Decreased probability of glutamate release at the retinogeniculate synapse in Rim-cDKO mice. (A) Sample evoked excitatory postsynaptic currents recorded in dLGN neurons in response to paired stimulations of the optic tract (interstimulation interval 100 ms). Neurons were held at a holding potential of −65mV. Each trace is the average of 16 consecutive recordings at 0.1 Hz. The first EPSC of each trace was scaled for comparison. Scale bars: 50 pA and 50 ms. (B) Summary histogram showing the paired-pulse ratio (mean ± SEM; control 0.79 ± 0.04 versus Rim-cDKO 0.91 ± 0.03), defined as the mean amplitude of the second EPSC divided by the mean amplitude of the first EPSC for 10–16 consecutive traces recorded at 0.1 Hz. Each open circle represents the calculated PPR value for one individual cell. Control: n = 22 cells from 3 mice. Rim-cDKO: n = 28 cells from 4 mice. **p = 0.009, 2-tailed T-test
Rim-cDKO show eye-specific segregation defects in the dLGN but not in the SC
Spontaneous activity in the retina is required for eye-specific segregation in both the dLGN and the SC, as has been shown using various models with disturbed retinal activity1, 16,17,18,19.

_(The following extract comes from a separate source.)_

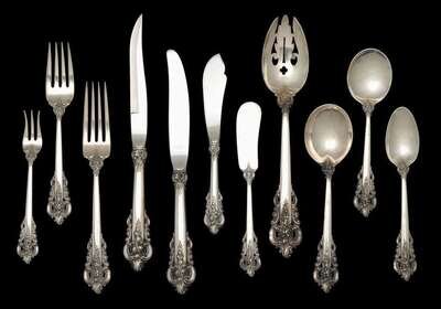 "Grand Baroque" pattern including twelve dinner forks, twelve salad forks, twelve cocktail forks, twelve hollow handle dinner knives, twelve hollow handle steak knives, twelve flat handle butter spreaders, one hollow handle butter spreader, twenty four teaspoons, twelve cream soup spoons, and one salad set.

To investigate the role of calcium-dependent synaptic release from RGCs in the formation of eye-specific domains, whole-eye anterograde labeling (CTB injections) was performed in control and Rim-cDKO mice (Figs 3 and 4). In P27 control mice, there was a gap in the contralateral projection (Fig. 3A′) corresponding to the ipsilateral projection (Fig. 3A). In Rim-cDKO, the contralateral projection covered the entire dLGN (Fig. 3B′), thus the ipsilateral and contralateral projections overlapped (Fig. 3B″) as confirmed by the reduction of the segregation of ipsilateral/contralateral terminals (Fig. 3D) at P27. This result suggests that contralateral axons are maintained in the ipsilateral territory. Similar defects were already observed at P9 (Fig. 4A,B) suggesting a developmental defect rather than a later remodeling defect of retinogeniculate axonal arborization. We demonstrated here that deletion of RIM1/2 in 24 to 44% of RGCs is sufficient to phenocopy the eye-specific segregation defects in the dLGN that are observed in the nicotinic beta2-receptor KO mice (beta2-KO)2, 36, a classical model with perturbation of spontaneous retinal waves of activity. This result suggests that in the dLGN, neural activity drives eye-specific segregation through synaptic release mechanisms and that interestingly, perturbing synaptic release only in a fraction of RGCs is sufficient to give rise to defects equivalent to those observed when the entire retinal activity is disturbed2,3,4, 6.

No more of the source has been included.